Mr. Witte was president and owner of Moreton Storage Co. when it closed in the late 1990s after he sold its assets. His grandfather, Charles S. Turner, came to Toledo in 1883 to open a branch office for the Detroit-based Moreton Truck & Storage Co., but three years later bought the Toledo operation and rights to the name.

Its Detroit forebear failed, but the Toledo operation rolled through the decades, moving families across town, especially during the building booms of the early 20th century and after World War II, and across the country.

In the early 20th century, before gasoline-powered trucks were common, Moreton kept draft horses in a barn behind its North Huron Street facility — actually, three warehouse buildings, one of which had a water-driven elevator, his son said. Moreton offered heated storage for pianos and other objects sensitive to temperature changes. A 1922 ad touted “Private Rooms in Fireproof Warehouses.”

Mr. Witte went to work at Moreton after Navy service in World War II and studies at the Amos Tuck graduate school of business administration at Dartmouth College, from which he received a bachelor’s degree. By 1955, he was president and oversaw the firm’s affiliation with North American Van Lines after a quarter century with Allied Van Lines.

In the 1960s, Toledo corporations were “growing fantastically,” Mr. Witte told The Blade at Moreton’s centenary.

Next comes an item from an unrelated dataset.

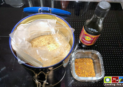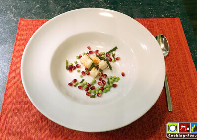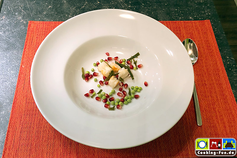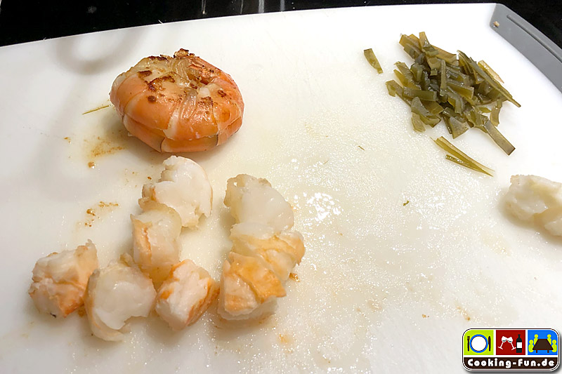 Dazu könnt Ihr sie mit Fleisch von Garnele und/oder Fisch (z.B. Kabeljau), knackigen Zuckererbsen sowie Granatapfelkernen und eventuell ein paar Steifen Wakame Alge servieren (vgl. Titelbild). Diese Interpretation ist der absolute Wahnsinn aus vielschichtigem Geschmack und spannenden Texturen.
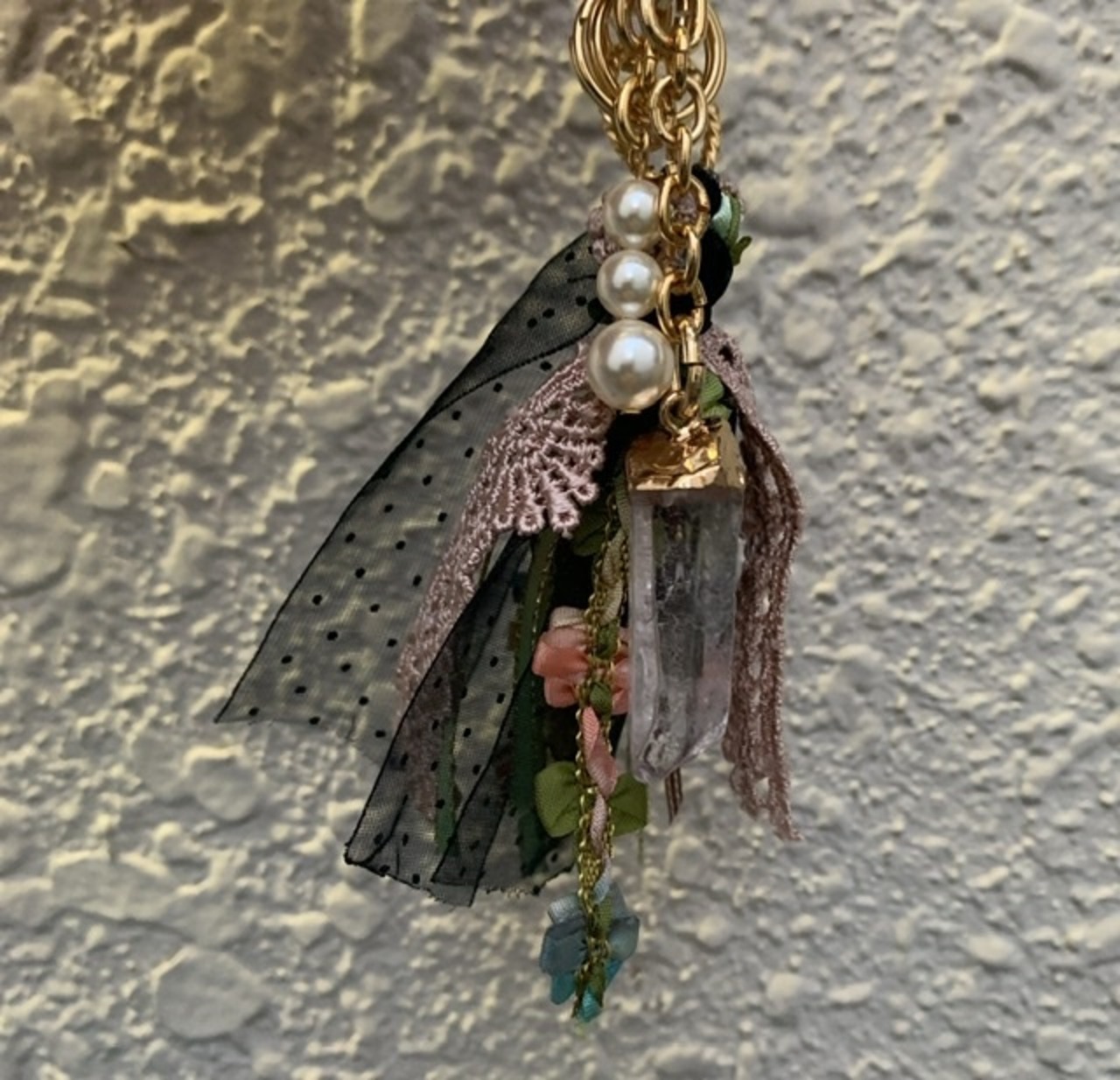 クリスタルとタッセルのチャームがついた

“Dana was really on the move. Libbey-Owens-Ford was growing. Owens-Illinois was growing. Owens-Corning was booming,” Mr. Witte said in 1983. “And we were part of that growth, moving people around.”

One secret to the firm’s longevity, Mr. Witte said in 1983: “You don’t get overextended in good times.”

He liked the challenge of running the business, said son Charles, who became a Moreton vice president.

Moreton coordinated transport in 1982 for the El Greco exhibit at the Toledo Museum of Art. Specially equipped trucks carrying armed guards con-veyed the artwork from Washington to Toledo and Toledo to Dallas, but the logistics and itinerary were kept under wraps at the time.

He was born April 1, 1924, to Helen and John G. Witte, and grew up on Birckhead Place, an early gated community off Cherry Street. He was a 1942 graduate of Scott High School, where he was class president and played football.

He left Dartmouth to enlist in naval officer training and became a lieutenant aboard a landing ship in the Pacific Theater. His father was a Seabee, also in the Pacific, and they had a chance to meet during the war. He was recalled to active duty during the Korean War and was stationed at Newport, R.I.

Mr. Witte was a member of the Toledo post of the American Legion and took part in several service clubs, including Rotary and Sertoma. He and his wife, Ann, contributed to the museum and Toledo Symphony.

He and his wife, the former Ann Crosman, married March 29, 1952. She was a staff lecturer at the Toledo Museum of Art, recruited by the late Otto Wittmann. She died July 21, 2010.

Surviving are his sons, Eric and Charles T. Witte; daughter, Jean Witte Bina, and six grandchildren.

Memorial services will be at 4:30 p.m. March 29 in First Congregational Church on Collingwood Boulevard, where Mr. Witte was a longtime member. The family suggests tributes to Dartmouth College or the Toledo Museum of Art.